Membrane preparation
Membrane preparation
Wet the membrane in 1X SSC ≥60 min.
Duration01:00:00
On the hybridot manifold, place a piece of Whatman 3MM filter paper and wet with 20X SSC.
Roll air pockets out.
Mount the membrane on top of the 3MM paper (centered).
Roll air pockets out.
Wash the membrane with 5X SSC (ca. 25 ml) with vacuum filtration.
Screw the top of the hybridot manifold in place, then shut off the vacuum pump.

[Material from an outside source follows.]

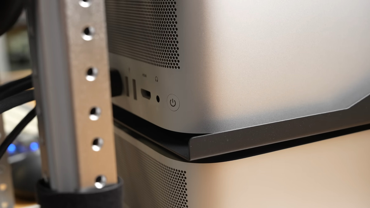 ここで最も厄介な問題となるのが電源ボタンの配置。Mac Studioの電源ボタンは背面向かって右側、丸みを帯びた角に位置しているため、ラックに収めるとボタンの操作が極めて難しくなります。ギアリング氏が以前使用していたデスク用ラックマウントでは前面からボタンを押すための複雑なアーム機構が必要でしたが、今回のミニラックは側面が開放されているため、横から手を入れてボタンを押すことができます。

Add 200 µl of 5X SSC to each well.
Add DNAs (50 µl each) to the wells.
Turn on the vacuum pump and draw samples onto the membrane.
Wash each well with 400 µl of 5X SSC (2X).
Remove membrane and crosslink under UV light (200 mJ).
Store the membranes wrapped in plastic at 4°C.
Note
Note: Load the membranes so that when scanned, the second blot of the set may be placed under the first, i.e., load as the diagram in guidelines shows.